Dataloader, from the ground up


Ever heard of “dataloader”? From the simplest implementation to a batching and caching design pattern. Let’s dive into a brief tour of understanding this useful device.

Background

Feel free to skip this section if you feel you have a good grasp of what DataLoader is meant to solve.

Recently, I had a very insightful talk with a colleague. Their team knew they wanted a GraphQL API, and they also wanted to develop the service in Java. So they were prototyping different ways to bootstrap the service with and without Spring. It was not long before they encountered the N+1 query problem. Talking about possible solutions, and the shape of them was interesting enough I wanted to write a blog post with some of the enlightening pearls we found along the way.

Let’s start by talking a bit about GraphQL, although it is not very interesting for the bigger picture, it helps frame a concrete example of then the broader concepts can be applied.

Implementing a GraphQL API means providing a way to resolve a piece of information.

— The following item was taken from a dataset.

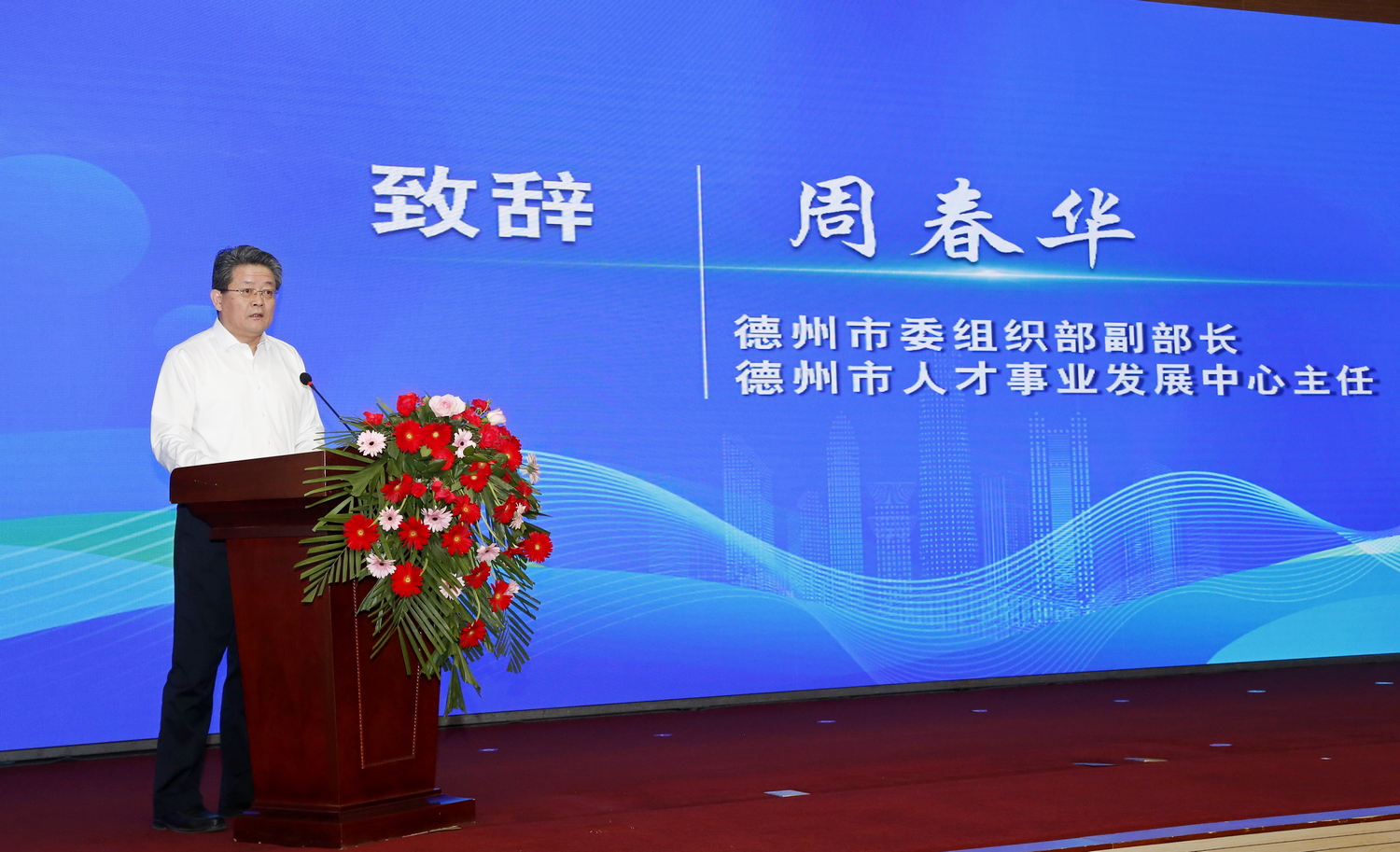 周春华致辞,他代表德州市委组织部、市委人才工作领导小组办公室,对校地双方合作签约表示热烈祝贺。他指出,人才是第一资源,创新是第一动力。市委、市政府牢固确立人才引领发展的战略地位,深入推进“四链”融合发展,全力支持校地校企合作,人才引领驱动高质量发展效能不断提升。此次Beat365唯一官方网站与武城合作签约,联合推进高端人才引育、科技成果转化、平台载体建设,既是武城县发展进程中的一次重要机遇,也是德州市校地合作的又一成功范例,必将对全市“四链”融合发展起到重要示范带动作用。

Like transforming a user id into a user entity that holds its name. For example:

class SingleUserDatabase(
    private val repo: UserRepository
) : DataLoader<String, User?>() {

    override fun load(id: String): User? {
        return repo.findById(id)
    }
}

How does the code above deal with fetching multiple users? findById goes from one id to one User. There is no other way than running the SingleUserDatabase#load method over and over, for each user we need to get. Probably the UserRepository already has a method to bundle more than one id and get multiple users. But DataLoader<KEY, VALUE>’s API is meant to be run once for each user that it encounters in the process of resolving the bigger query. So the library burdens us, the resolver writer on how to group (or not) these queries. And maybe you would be tempted to be angry at the library’s API. After all, this could have been done on their end and required the DataLoader to work with a collection, rather than a single one.

I would argue that if that were the case; then I would be equally excited to implement a DataLoader that can be fed a method that works with the collection and de-batches them to single queries. There is just no good way that the GraphQL library can make a good decision on how or if it should group resolvers. So the onerous is on the application developer. You and I.

And I would dare say that this pattern of different pieces of code, needing some information of the same kind; but are woefully unaware of one another is a design choice we should strive for. If we can abstract away the performance of batching and caching, and each piece of code assumes it can load whatever they need, and not need to coordinate with others, but also don’t incur a performance penalty with high latency.

A life of collections

The first task in our journey to batch requests is to move from the single retrieving function to one that accepts a collection and returns a collection. DataLoader implementations will deal with errors in a much smarter and robust way, but in this blog post I’ll shrug off any and all error handling.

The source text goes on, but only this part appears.